A merchandising audit nobody hired me to write
27th February 2026
I am not a revenue manager. I am not a copywriter. I have never sat in a Booking.com extranet for a living, and the last time I read a paper on choice architecture I was probably procrastinating on something else. And yet, over a long weekend, I produced a 30-property merchandising audit of our entire Booking.com estate that reads like it came from a specialist agency — with a pricing-psychology rationale for every recommendation, a behavioural-economics gloss on rate plan structure, and a hotel-by-hotel comparison against the actual competitive set Booking.com puts us against.
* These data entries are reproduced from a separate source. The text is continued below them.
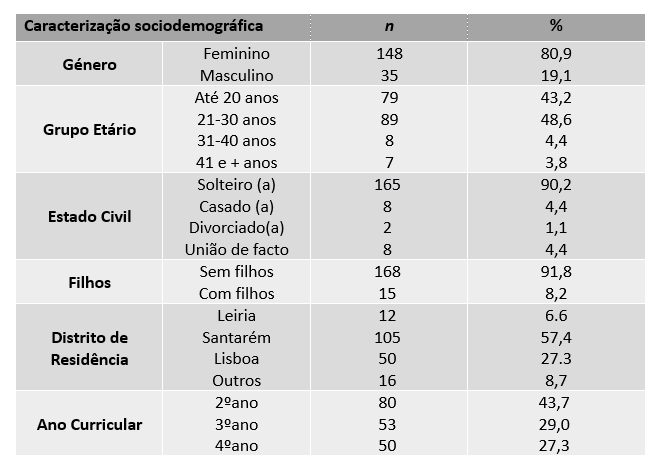 Sobre as características sociodemográficas - Tabela 1 - 148 dos estudantes (80,9 %) eram do género feminino e 35 (19,1%) do género masculino. A idade variou entre os 18 e os 55 anos, sendo a média de 22,8 anos. 165 (90,2%) dos estudantes eram solteiros ou divorciados e 168 (91,8%) não tinham filhos. Sobre o distrito de residência fora do período de aulas, 105 (57,4%) dos estudantes residiam no distrito de Santarém, seguindo-se o distrito de Lisboa com 50 (27,3%). Dos 183 estudantes, 80 (43,7%) frequentavam o 2º ano, 53 (29,0%) o 3º ano e 50 (27,3%) o 4º ano.
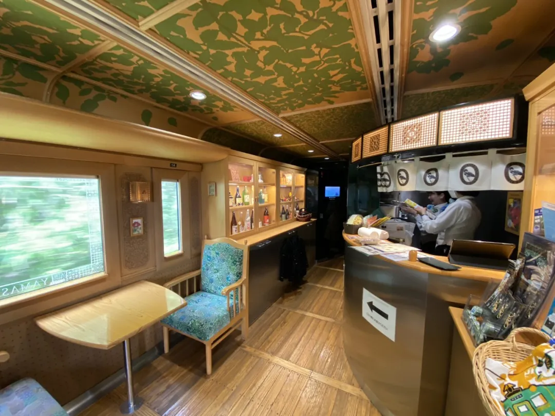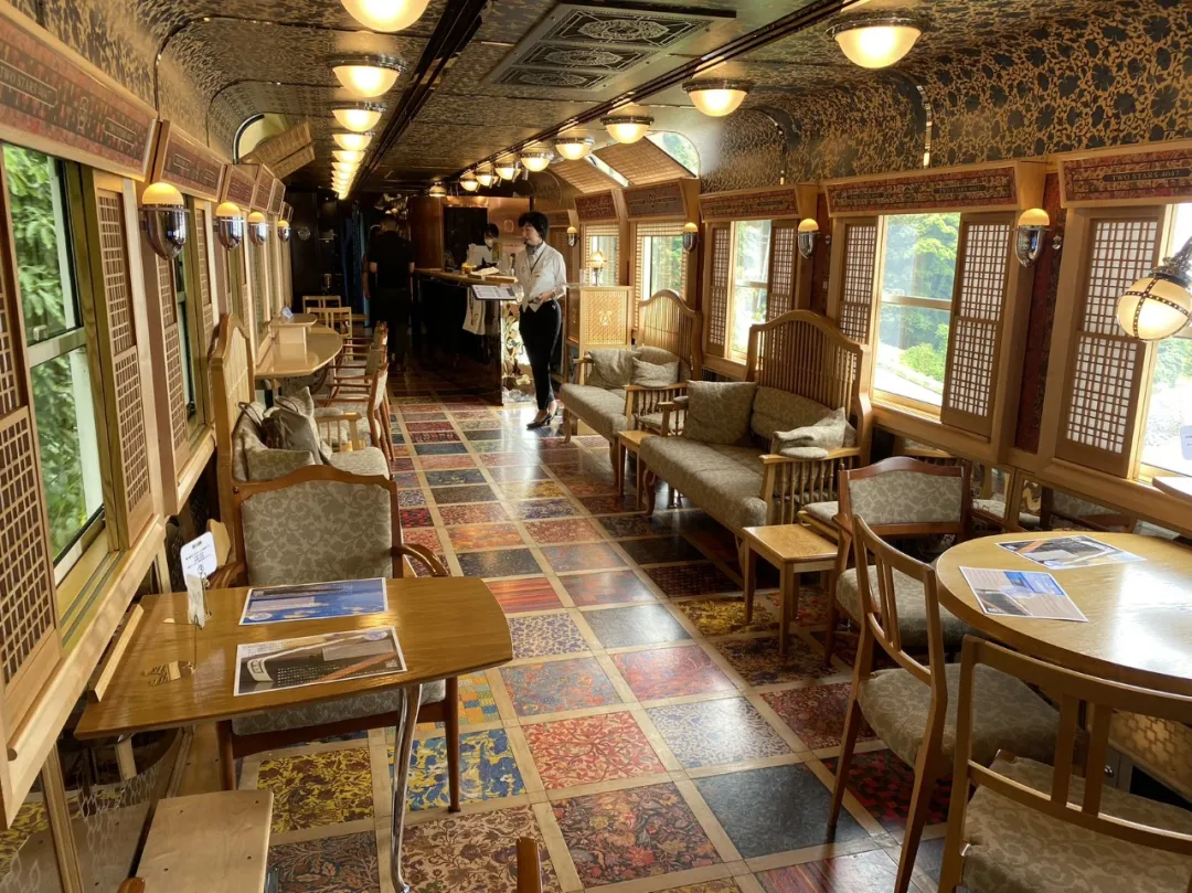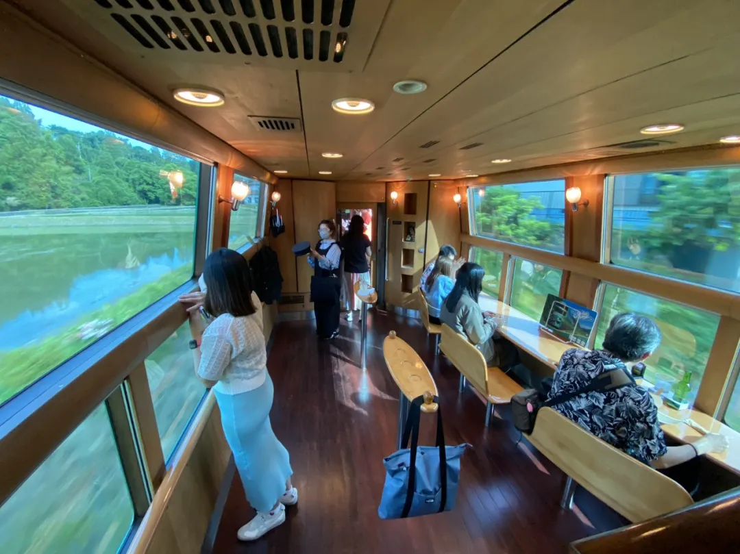 There's also a special restaurant car with almost panoramic windows. As we near the end of the train, we slowly pass through a forest, and the feeling of being surrounded by greenery truly makes us feel like we're on a "forest train."
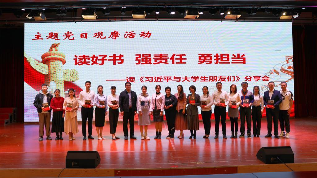 此次主题党日活动以读书分享会的形式进行。分享会围绕《习近平与大学生朋友们》一书的学习,采用演讲、朗诵等表达方式,内容和形式新颖丰富,现场“党味”浓郁。有党员教师施旸“生逢其时,为之奋斗吧”、辅导员孙平“长大后我就成了你”读书分享;党员教师杨雨和辅导员刘杰“一起来听,总书记的教导”——《习近平总书记与大学生朋友们》的金句分享;辅导员刘嘉妮和她的学生们带来的“读书交流会”;党员教师黄卉、陈雪莲、李兵兵、霍文杰、刘娜朗诵“奋斗的青年最棒,奔跑的中国最强”。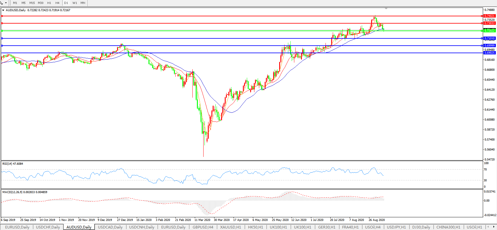 备选策略:0.7200上方看涨,目标0.7300、0.7400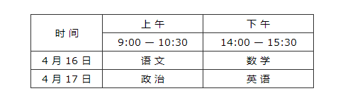 文化考試由省教育考試院按全國統(tǒng)一時(shí)間組織進(jìn)行,文化考試科目為語文、數(shù)學(xué)、政治、英語四科,每科滿分150分,四科滿分600分,使用國家通用語言文字作答。考試時(shí)間如下: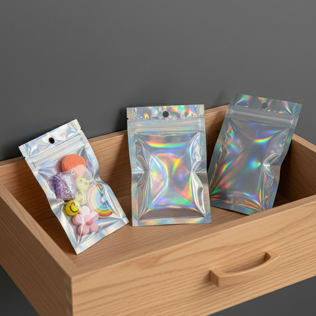Saco plástico holográfico para acessórios. 50 unidades.

I want to talk about how that happened, because I think it is the most important pattern I have seen in my career. It is not that I am cleverer than I was a year ago. It is that, for a smart and curious engineer, domain knowledge is no longer the moat. Claude Code, used well, will happily borrow expertise it does not have and apply it to data you supply, faster and more rigorously than most humans would. The bottleneck moves from "do I know this field?" to "do I know how to ask, and do I have the curiosity to keep pulling threads?"
What I actually built
The thing that exists at the end of the weekend is a self-contained static website you can hand to a non-technical executive. For each of our roughly 30 Staycity and Wilde properties on Booking.com, it shows:
- A side-by-side visual comparison of our listing against every hotel in our Booking.com peer-comp set, full-page screenshots of the actual listings as they render today
- A scorecard across ten merchandising dimensions (photo sequence, pricing psychology, segment targeting, rate plan architecture, cancellation-policy framing, and so on)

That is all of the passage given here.